Leveraging the unique microgravity environment, diverse experiments are conducted across the life sciences. Use these case studies as inspiration to bring your ideas to life in space.
On Earth, density differences cause convection, leading to rapid concentration changes around growing crystals. This disturbs molecular alignment and often results in small or poorly defined crystals.
In microgravity, the absence of convection and sedimentation allows crystals to grow within a stable concentration gradient. This environment enables the formation of larger, high-quality crystals with perfectly ordered molecular structures.
On Earth, cells sense gravity as a mechanical stimulus, influencing their morphology and biological activity. Removing this stimulus in microgravity alters cytoskeletal organization, gene expression, proliferation, and metabolism.
Studying these changes can provide new insights into cellular behavior, disease progression, and aging mechanisms.
In microgravity, cells naturally aggregate into three-dimensional structures without the influence of sedimentation or convection.

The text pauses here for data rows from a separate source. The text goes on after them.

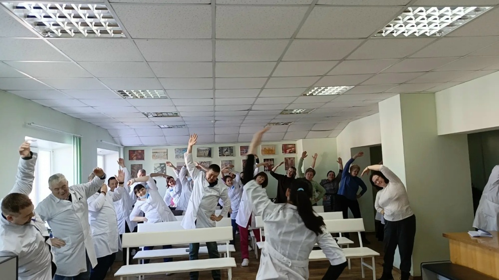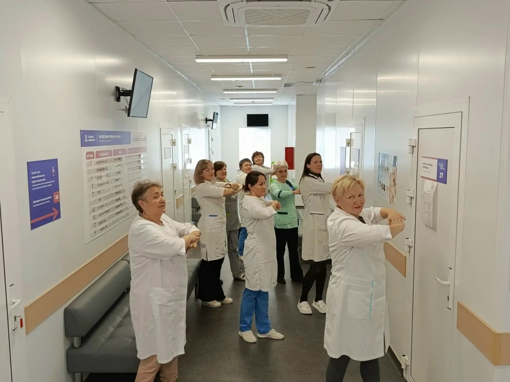 Делимся, как проходит одна из таких физкультминуток в нашей больнице. Упражнения не требуют специального оборудования или отдельного помещения — их легко выполнять прямо на рабочем месте, без отрыва от повседневных задач.
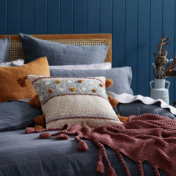 Bring a classic style to your bedroom with the Ramsay quilt cover. Crafted from pure cotton, this quilt cover combines a unique crinkle texture with a subtle stripe detail and a vintage wash finish. Finished with a knife edge, coordinate with European pillowcases to complete the look.
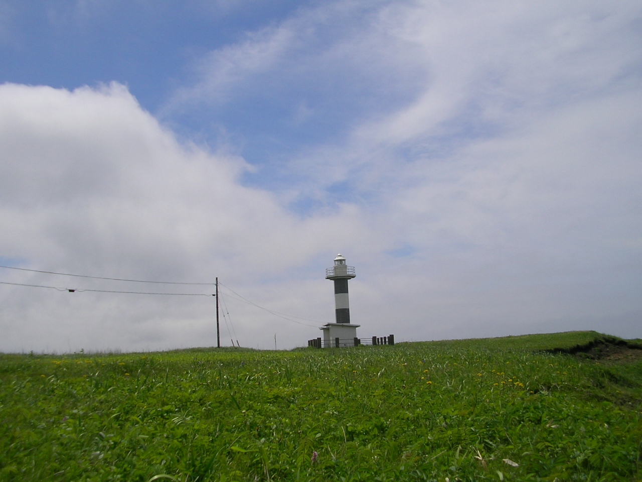 根室から道道35号線を車で走って約15分ほど、納沙布岬に行く途中にある小さな岬です。風力発電の風車が2基あるのが目印です。風車の手前に“ノッカマップ岬灯台”の案内板があります。そこからは、灯台までの約500mは未舗装の悪路のため自動車で進入するのは困難です。花が咲き乱れる広い草原に、白と黒に塗り分けられたシックな装いの灯台、遠くに国後島も見えます。聞こえるのは波の音と鳥のさえずりだけ。観光客はまったくいませんので、絶景を独り占めです。土産物屋もトイレもありませんが、観光客の多い、納沙布岬より気に入りました。
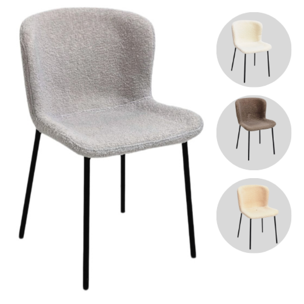 طقم مكوّن من كرسيين بتصميم مودرن أنيق، مصنوعين من قماش البوكليه الفاخر لمظهر جذاب ولمسة ناعمة. مثالي لطاولات الطعام أو ركن القهوة ويضفي لمسة راقية لأي مساحة داخلية.
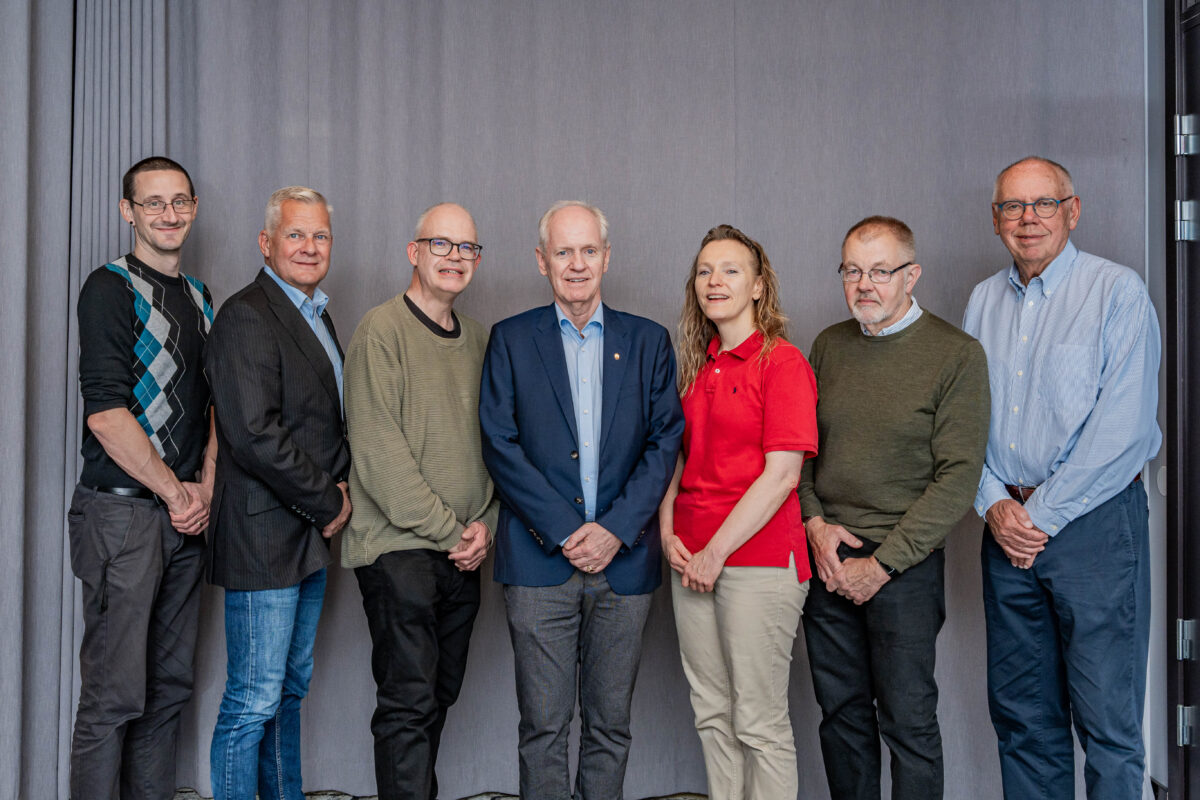 Från vänster: Jens Gynnerstedt (suppleant), Anders Hallin (ledamot), Fredrik Persson (suppleant), Mats Helmfrid (ordförande), Linda Kraft (ledamot), Per-Olof Järvegren (ledamot), Per Sköld (vice ordförande). Ej med på bild: Thomas Åkesson (suppleant).

This environment enables the formation of tissue-like models that better resemble conditions in the human body and can help improve the understanding of intercellular communication.
Microgravity and radiation accelerate cellular aging and disease progression. This environment enables faster disease modeling and evaluating drug efficacy in shorter timeframes than on Earth.
- Why Space?
Switching from intravenous to subcutaneous injection reduces the burden on patients and healthcare systems. Microgravity crystallization experiments were conducted to obtain high-resolution monoclonal antibody crystals and to better understand their structure.
- Outcome
ISS experiments identified conditions for producing highly uniform crystalline suspensions. These findings were applied to ground-based manufacturing, enabling the development of new subcutaneous formulations.
- Project Overview
Three crystallization experiments were conducted on the ISS to test whether microgravity produces larger and higher-resolution crystals.
The project successfully identified optimal conditions for high-yield particle production and improved suspension properties. These findings were directly applied to Earth-based manufacturing processes.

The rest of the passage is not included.